Wow. What a book! My first Ursula Le Guin. I’m not sure why it took me so long.
At least 3 separate people have told me how much they loved this book. 2 friends and a coworker. 3 nationalities, 3 different ages.
I can safely say, I’m a fan.
So. The plot. It takes place on a planet and its moon. The planet is much like earth: they are capitalist (mostly), have wars, consumerist, poverty etc. The moon is a colony from that planet who are anarchists. They’ve been there for 170 years after a rebellion and have continued to develop their anarchist society. There are no real possessions, no religion. There’s shared work, shared food, shared everything.
What is brilliant about this book is how carefully laid out the anarchist society is, warts and all. It’s not a Utopia but it’s a practical functional society. It’s got its problems (it’s a harsh place to live for one) and what forms the central action is essentially the reinvigoration of the revolution. Over the 170 years, the society has developed certain ingrained cultural and social expectations of its inhabitants.
The central character is a physicist named Shevak, from Anarres (the anarchist moon) who escapes and visits the planet Urras. The physicists on Urras want him to finish his theoretical work that will essentially allow for instantaneous communication and travel (rather than delayed through lightspeed). He has to ‘escape’ Anarres as it were because his ideas are deeply unpopular among the majority of his planet.
The story unfolds across 2 periods and places: Urras and Anarres. The first chapter is Shevak escaping to Urras. It then flips back to when he was a child growing up on Anarres and we find out about about the development of its political and social structure. It then flips back and forth – the Anarres story following Shevak from a child up to the moment where he departs for Urras and the Urras story following the politics there and his response to wealth, politics and inequality.
This reminded me a lot of the Foundation Series by Asimov. It’s the complexity and richness of the politics and society that completely absorbs you. You don’t need interstellar wars or big space battles. You just need a good story. In this case, the interesting conflict between the different politics and the innate revolutionary ideas in terms of politics but also science that is contained in the person of Shevak. The cast of characters that accompany him are also great. Each is a distinct individual, not just window dressing.
Anyway.
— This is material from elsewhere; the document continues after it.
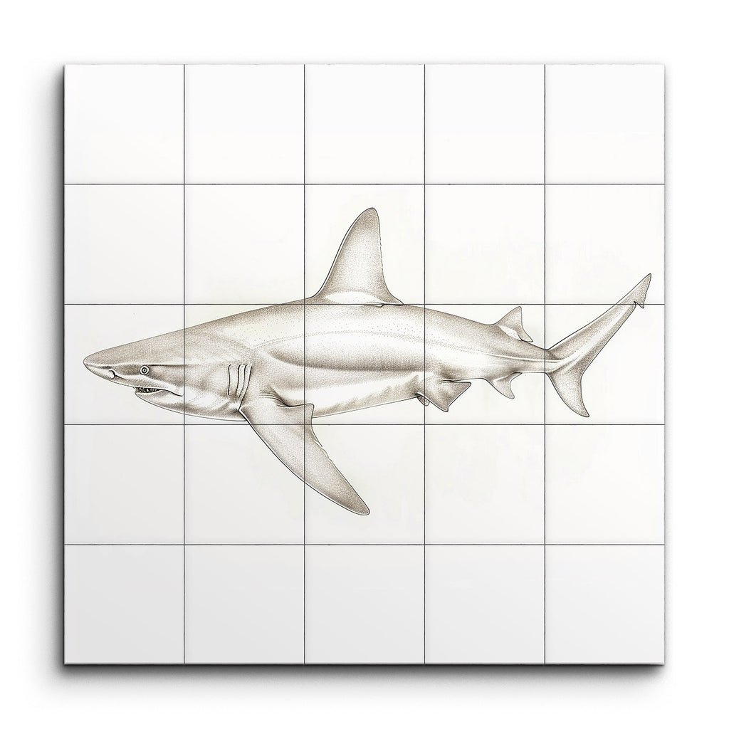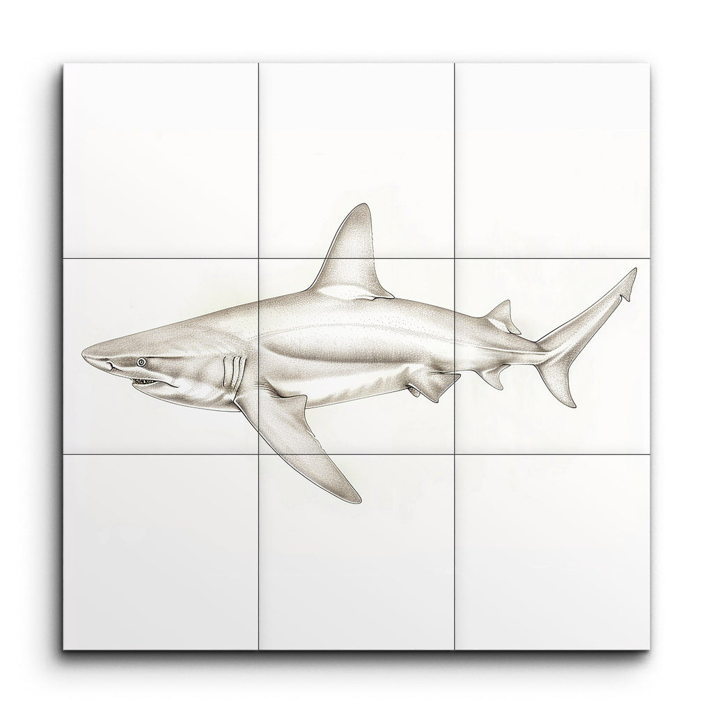 Immerse yourself in the captivating world of marine life with this stunning tile mural, featuring a meticulously detailed illustration of a shark. The artwork presents the shark in a side profile, showcasing its streamlined body, prominent dorsal fin, and powerful tail with astonishing realism. Subtle shades of gray and white bring the shark to life, while fine lines and delicate shading emphasize its anatomical features, from the textured skin to the expressive eyes and gills. Perfect for those who appreciate scientific accuracy and natural beauty, this mural transforms any space into an elegant homage to the majesty of the ocean's apex predator.

The twin stories weave together and climax together. The last 100 pages just flew by for me, it was so interesting. One of the best things about it, given that it was first published in 1974 is how contemporary it feels. Aside from some small technological idiosyncrasies (given the advances we’ve had in the last 40 years) it could be relevant now. It doesn’t have the cringeworthy social commentary that I had a problem with in the Forever War.
I must admit. One of my favourite things about Urras is the complete social equality. For that it gets 5/5 for feminism.